Lesson 1: It does not matter to the European data protection authorities whether violations of the provisions of the GDPR are unintentional mistakes stemming from neglect, laziness, sloppiness, or ignorance. A violation for any reason is punishable and businesses had better take compliance with the GDPR seriously.
Lesson 2: Willful, deliberate, and blatant violations of the provisions of the GDPR will receive the harshest of fines from European data protection authorities. Businesses who attempt to test the resolve of the regulatory authorities will pay dearly for their arrogance.
Lesson 3: The provisions of the GDPR, particularly amongst citizens of the EU, are well-known and individuals who feel those provisions have been violated are more than willing to report offending behavior to the data protection authorities. Unscrupulous businesses who count on the ignorance or passiveness of individuals are likely to pay a heavy price for that cynical attitude to personal data security and protection.

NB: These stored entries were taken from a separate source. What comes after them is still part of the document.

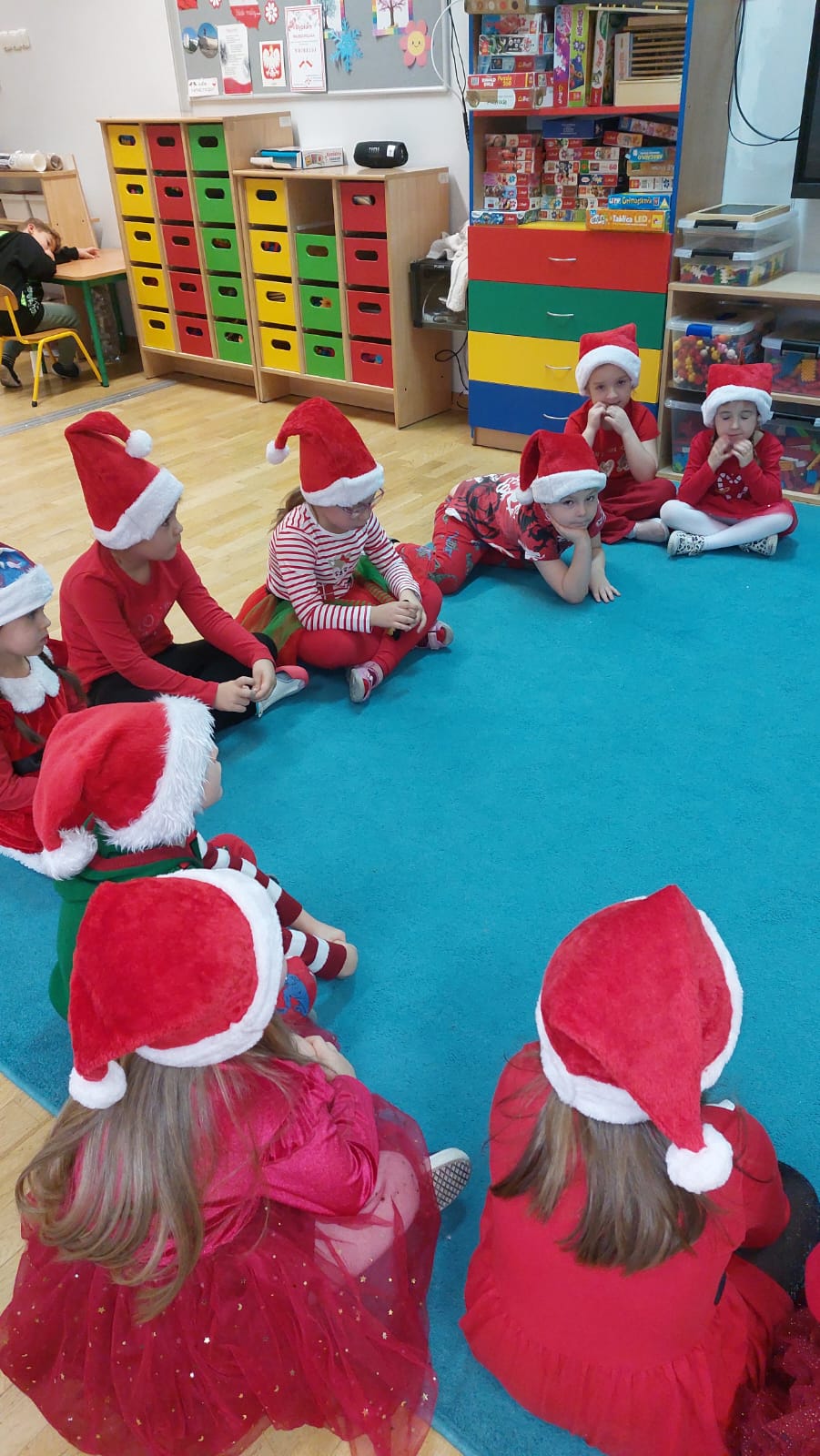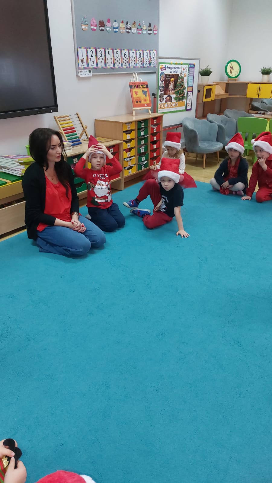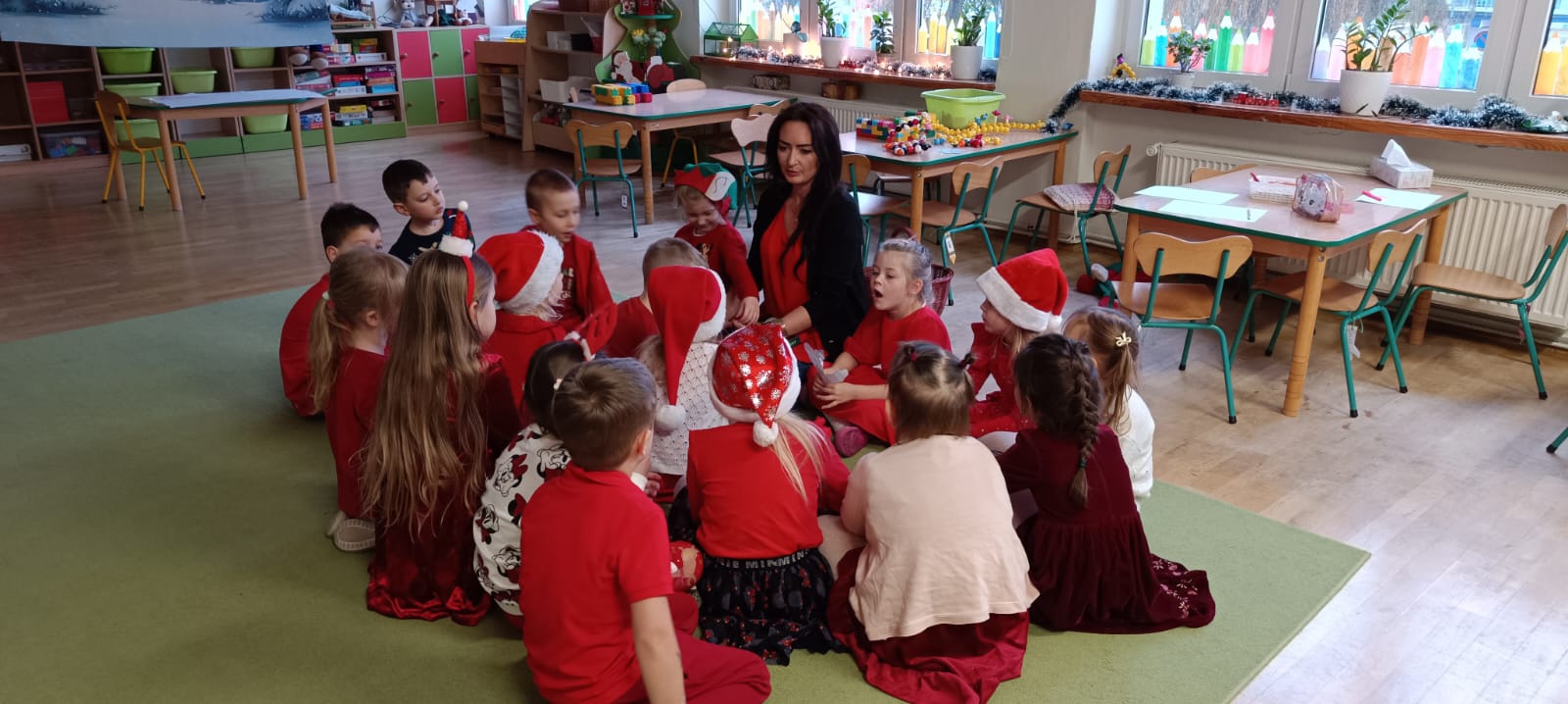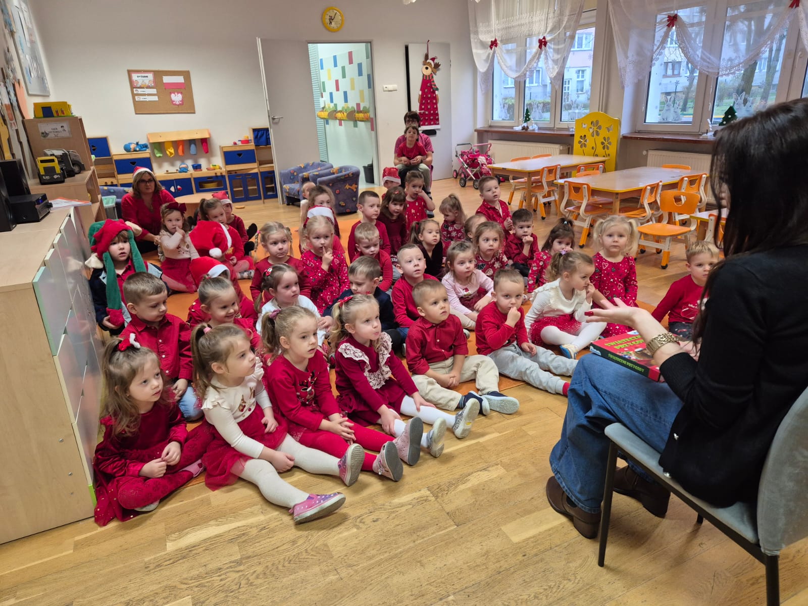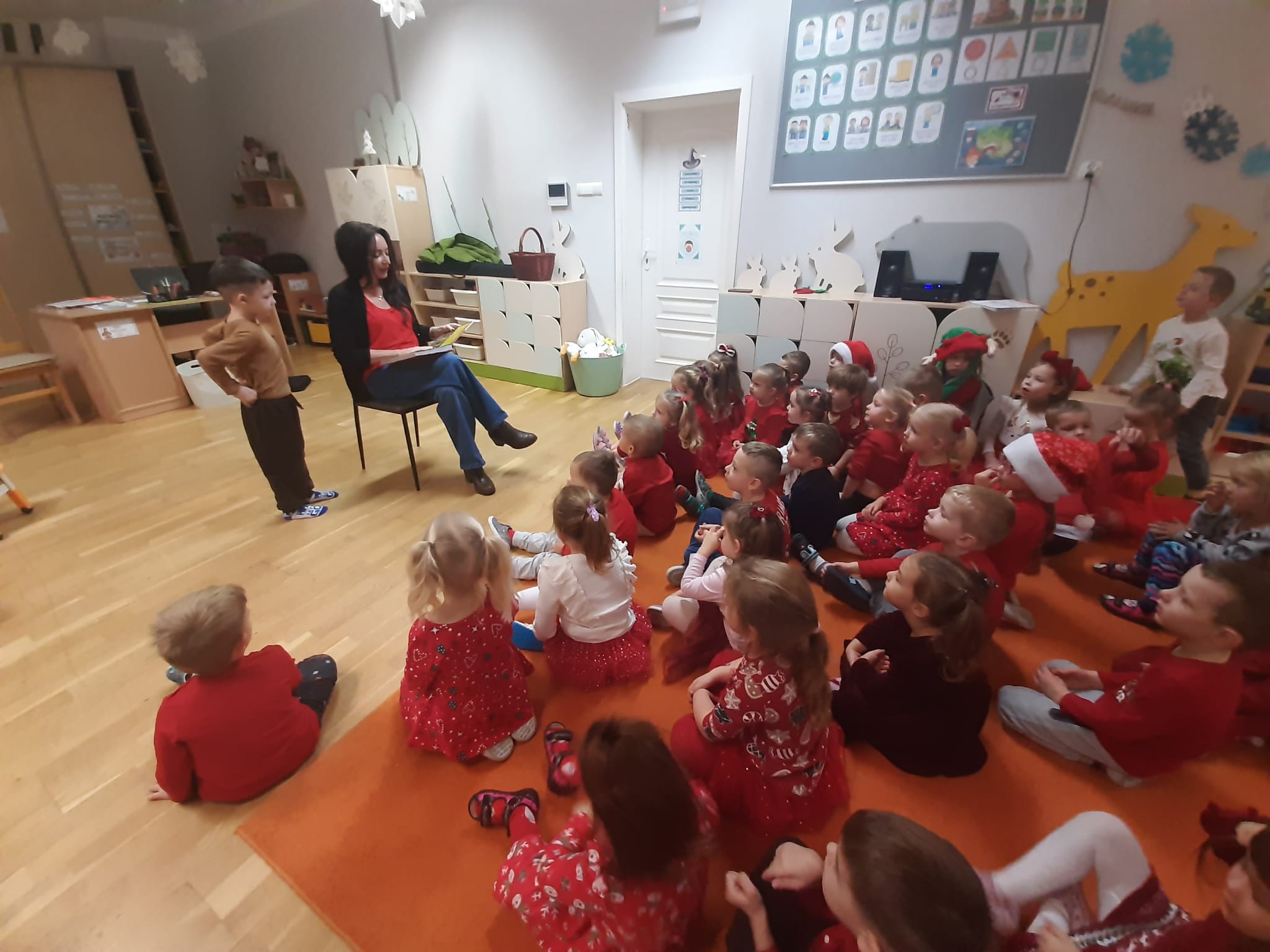 W trakcie wizyty pani przeczytała dzieciom świąteczną bajkę, która wprowadziła atmosferę życzliwości i dzielenia się dobrem. Przedszkolaki chętnie słuchały i aktywnie uczestniczyły w rozmowie na temat pomagania innym.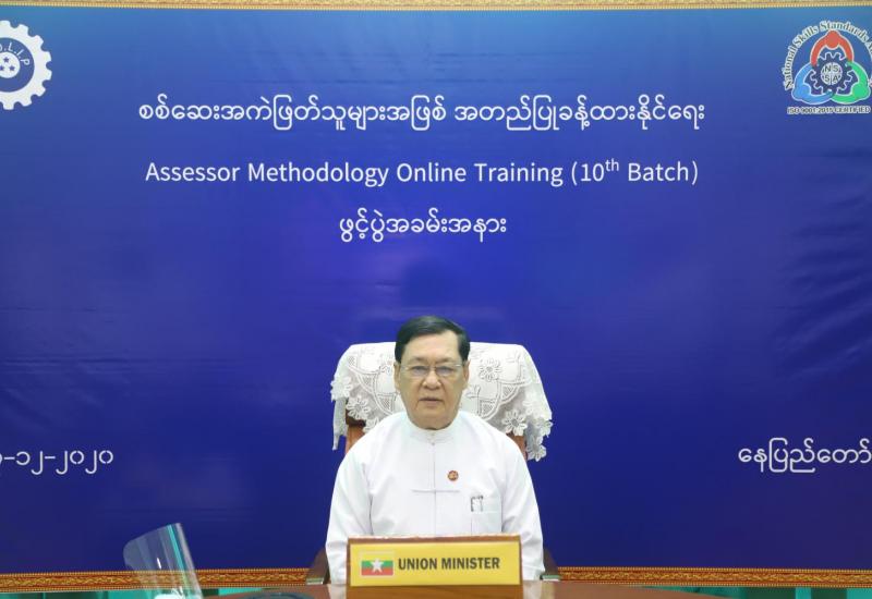 မြန်မာနိုင်ငံ လုပ်သားများ ကျွမ်းကျင်မှု “စံ” သတ်မှတ်ပြဋ္ဌာန်းရေးအဖွဲ့ (NSSA) ၏ စစ်ဆေး အကဲဖြတ်သူများအဖြစ် အတည်ပြု ခန့်ထားနိုင်ရေး Online ဖြင့် ပို့ချသော Assessor Methodology Online Training (10th Batch)ဖွင့်ပွဲအခမ်းအနားကို ယနေ့ နံနက် ၁၀ နာရီတွင် နေပြည်တော်ရှိ အလုပ်သမား၊ လူဝင်မှုကြီးကြပ်ရေးနှင့် ပြည်သူ့အင်အား ဝန်ကြီးဌာန အစည်း အဝေးခန်းမ၌ ဗီဒီယို ကွန်ဖရင့်စနစ်ဖြင့် ကျင်းပသည်။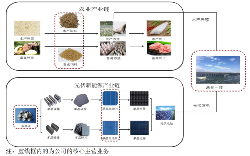作为硅料的龙头企业,通威股份的主要业务可以分为2类:(1)光伏业务,以高纯晶硅及化工、光伏电池、光伏组件为主;(2)农牧业务,以饲料、食品等为主。其中,光伏业务占主营收入的60.14%。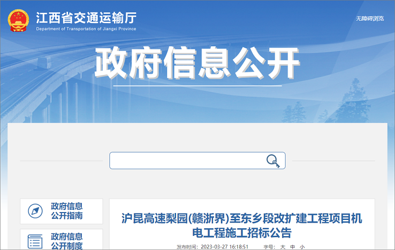 2023年3月27日,江西省交通运输厅发布了沪昆高速梨园(赣浙界)至东乡段改扩建工程项目机电工程施工招标公告,该项目机电工程计划工期33个月,保修期60个月。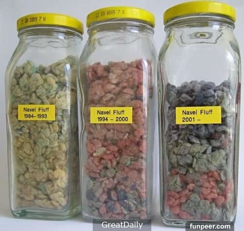1.格雷厄姆巴克很好奇他能從肚臍中拿到多少的纖毛,所以從1984年開始就一直收集到現在.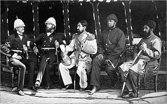 Эмир Афганистана Мухаммед Якуб-хан с британскими офицерами. Май 1879 года
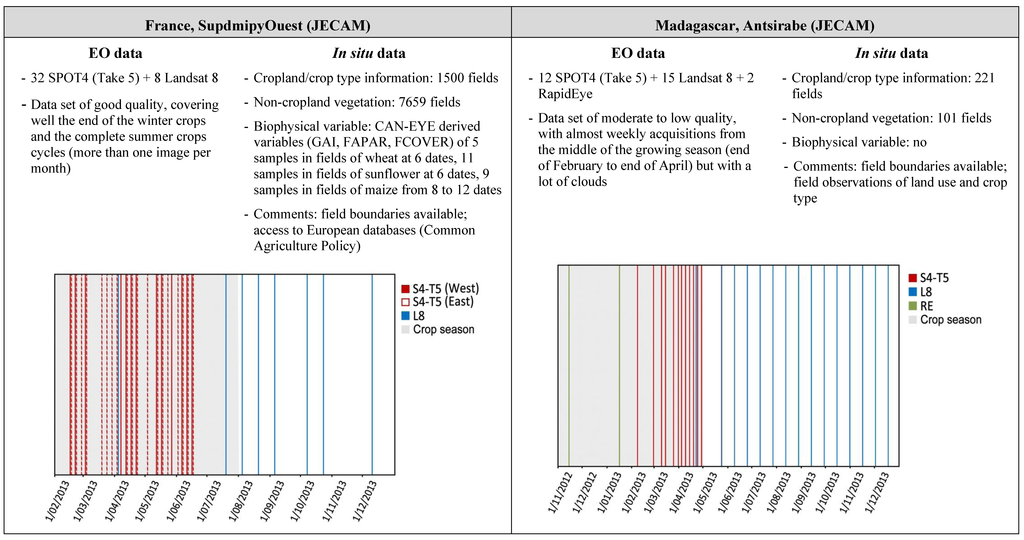 Up to now, most operational monitoring systems rely on proxies and qualitative indicators based on medium to coarse spatial resolution sensors [,,,,,,,,,]. While the potential of high spatial resolution imagery is widely recognized, most of the research activities in this area currently rely on one site, one crop and one sensor. There is thus still a gap between research and operational methods. The Sentinel-2 mission will certainly contribute to bridge this gap by providing high quality imagery but the only availability of data will not solve the issue. Supporting the development of operational agriculture monitoring methods based on high resolution images will first require collecting both EO and in situ data coming from the same season. Second, enough in situ data are to be acquired over each site to allow both algorithm calibration and independent validation of each product. Third, the data has to be collected as much as possible over a selection of sites representative of the huge diversity of agricultural systems in order to tackle the global dimension. Finally, in the case of this research which took place before the Sentinel-2 era, the EO data set had to mimic the “Sentinel-2 like conditions”, emphasizing decametric spatial resolution and 5–10 day temporal revisits.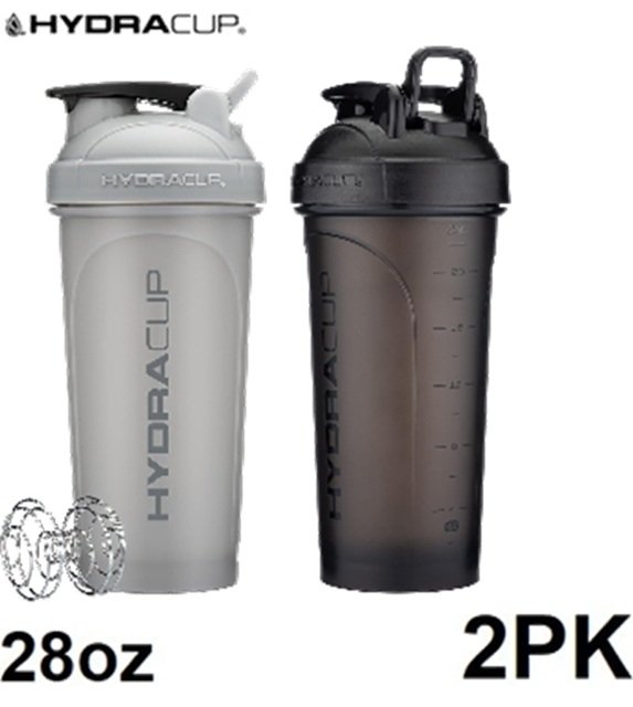 2pk hydracup proflow bpa-free shaker bottle with ball blender whisk - 28oz - grey/black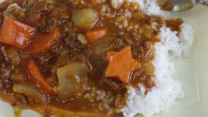 先日も「ラッキーにんじん」で、ホームページにアップしましたが、今日の「ハヤシライス」にも入っていました。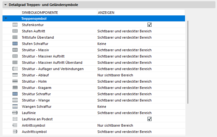 Für die Linien- und Schraffurtypen klappen Sie das Menü Grundrissdarstellung auf. Nehmen Sie dann entsprechende Einstellungen für die verschiedenen Bestandteile des Treppensymbols vor: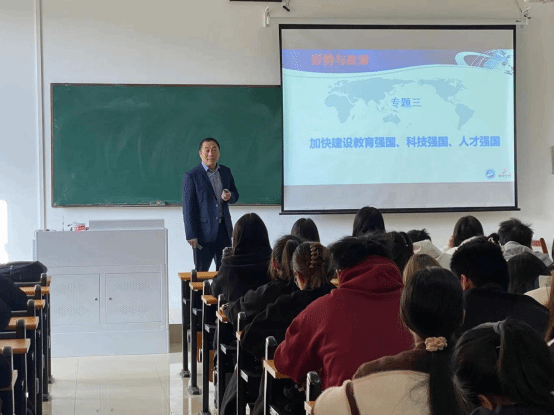 (通讯员 徐肖艺)为贯彻落实《教育部关于增强新时代高校“形势与政策”课建设的若干意见》精神,,,,,,,,推动党政向导干部上讲台讲“形势与政策”课,,,,,,,,12月8日下昼,,,,,,,,校党委常委敖荣军走进2023级应用化学专业学生的课堂,,,,,,,,为本科生作了题为《加速建设教育强国、科技强国、人才强国》的专题授课。。。。。。。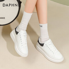 ¥209.90达芙妮(DAPHNE)厚底小白鞋女春季女鞋子女新款网面透气老爹鞋女 白黑色 37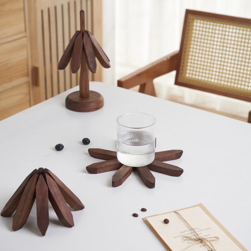 4 шт., подставка в виде дерева, деревянные подставки, декоративные противоожоговые термостойкие настольные коврики, деревянные салфетки, горшок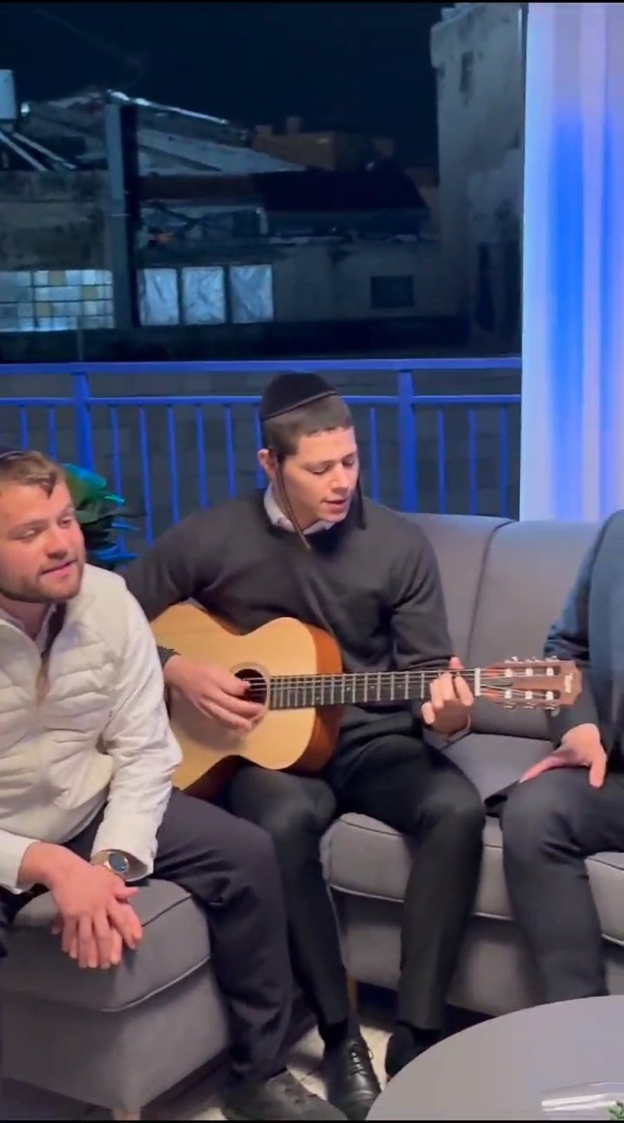 מאחורי הקלעים: המוזיקאי יואלי דיקמן וחברי מקהלת 'נגינה', בצילומים לקליפ שבת חסידי בבימויו של שרולי ברונכר.

Lesson 4: While serious violations of the provisions of the GDPR are still subject to fines, timely reporting of security breaches to data protection authorities and quick action to reduce the risk of exposure of personal data by violating businesses could reduce levied fines significantly. All businesses handling sensitive personal data should have appropriate security and compliance policies in place to mitigate the risk from GDPR violations.